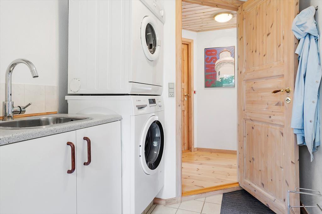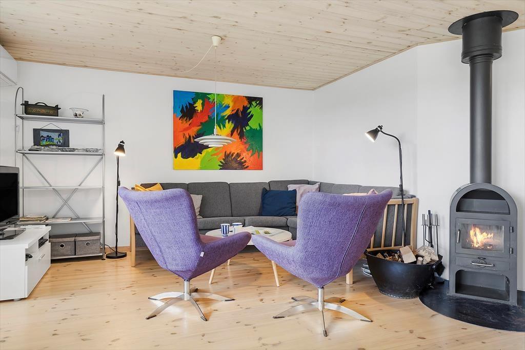 Dieses gemütliche Ferienhaus lädt zu einem komfortablen Urlaub auf Samsø ein. Es bietet Platz für insgesamt 6 Gäste. Sowohl Kinder als auch Erwachsene können sich auf einen entspannten Aufenthalt freuen. Die Küche ist offen gestaltet - eine halbhohe Wand trennt sie vom Esstisch. Du kannst dich also auf einen Barhocker setzen und dich mit denen unterhalten, die das Essen zubereiten. Rund um den Esstisch ist genügend Platz, damit ihr gemeinsam eure Mahlzeiten genießen könnt. Die großen Fenster sorgen für Licht und wenn es draußen schön ist, könnt ihr durch die Terrassentür direkt auf die nach Westen ausgerichtete Terrasse gehen und dort eure Mahlzeiten einnehmen. Mach es dir nach einem erlebnisreichen Tag auf Samsø im Sofa mit einem guten Buch oder bei einem guten Film bequem und entspanne. Hier habt ihr beste Voraussetzungen dafür, dass ihr viele gemütliche Stunden zusammen verbringen könnt. Das Ferienhaus verfügt über drei schöne Schlafzimmer: zwei Zimmer mit Doppelbetten und ein Zimmer mit zwei Einzelbetten. Alle Zimmer bieten Stauraum und Fenster mit Blick in den grünen Garten. Außerdem gibt es im Haus zwei Badezimmer. Im großen Badezimmer kannst du im Whirlpool entspannen und die Sauna nutzen. Besser kann es kaum werden! Der Stil in diesem Haus ist mit hellen Holzverkleidungen an Wänden und Decken sehr gemütlich und vermittelt das Gefühl, nah am Strand und in der Natur zu sein. Hier ist an alles gedacht, was du für einen angenehmen und komfortablen Urlaub benötigst. Freue dich einfach auf eine wundervolle Ferienzeit am Maarup Østerstrand!
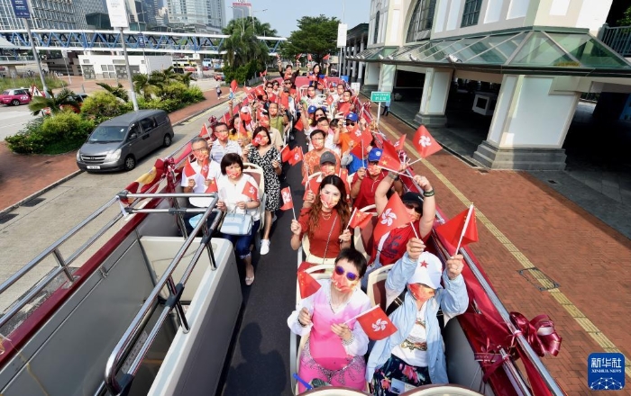 10月1日,在香港街頭,參加慶祝國慶巴士巡游的人們揮動國旗和香港特區(qū)區(qū)旗。
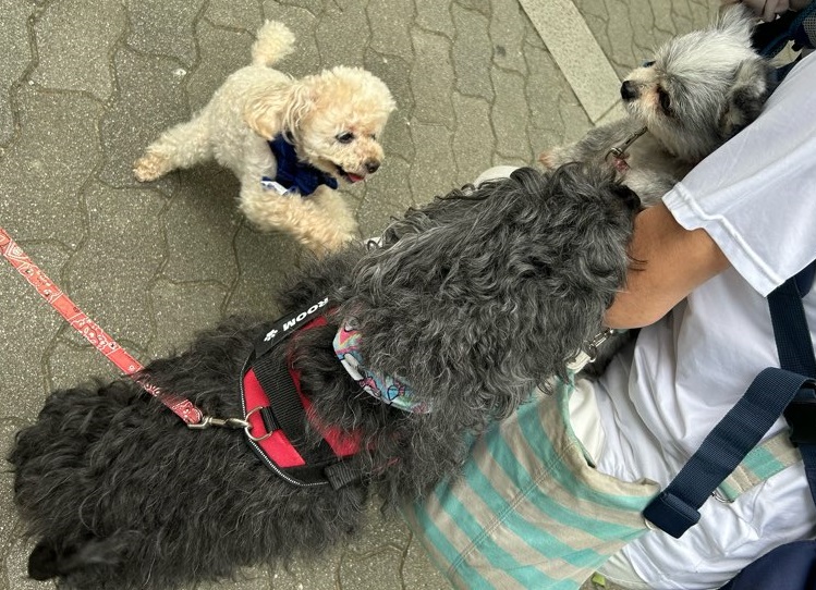 公園の中通り過ぎようとしたらワンちゃん抱っこしてる人が婆ちゃんに挨拶してくれる婆ちゃんは?・?・? わ た し ?喫茶店 〇ラ〇○ に いた方でしょうあああ~アッと思った 婆ちゃんワンちゃんをバックの中に入れてた人でした喫茶店で 話をした人 です 白いワンちゃん 抱っこしてる人の ワンちゃんのママ です抱っこしてるワンちゃんのママさんは別の人だよみんなワン語で 話してたよ最後にやってきたワンちゃん少し年齢がいってるです皆 おやつ貰うため寄って来てるいつもありがとです(テモ)11才今日も暑かったです

**PROBLEM DETAILS:** Print exactly the line containing "10月1日,在香港街頭,參加" and every line after it through the final line above, and leave all pictures out.

**YOUR RESPONSE:**
 10月1日,在香港街頭,參加慶祝國慶巴士巡游的人們揮動國旗和香港特區(qū)區(qū)旗。
 公園の中通り過ぎようとしたらワンちゃん抱っこしてる人が婆ちゃんに挨拶してくれる婆ちゃんは?・?・? わ た し ?喫茶店 〇ラ〇○ に いた方でしょうあああ~アッと思った 婆ちゃんワンちゃんをバックの中に入れてた人でした喫茶店で 話をした人 です 白いワンちゃん 抱っこしてる人の ワンちゃんのママ です抱っこしてるワンちゃんのママさんは別の人だよみんなワン語で 話してたよ最後にやってきたワンちゃん少し年齢がいってるです皆 おやつ貰うため寄って来てるいつもありがとです(テモ)11才今日も暑かったです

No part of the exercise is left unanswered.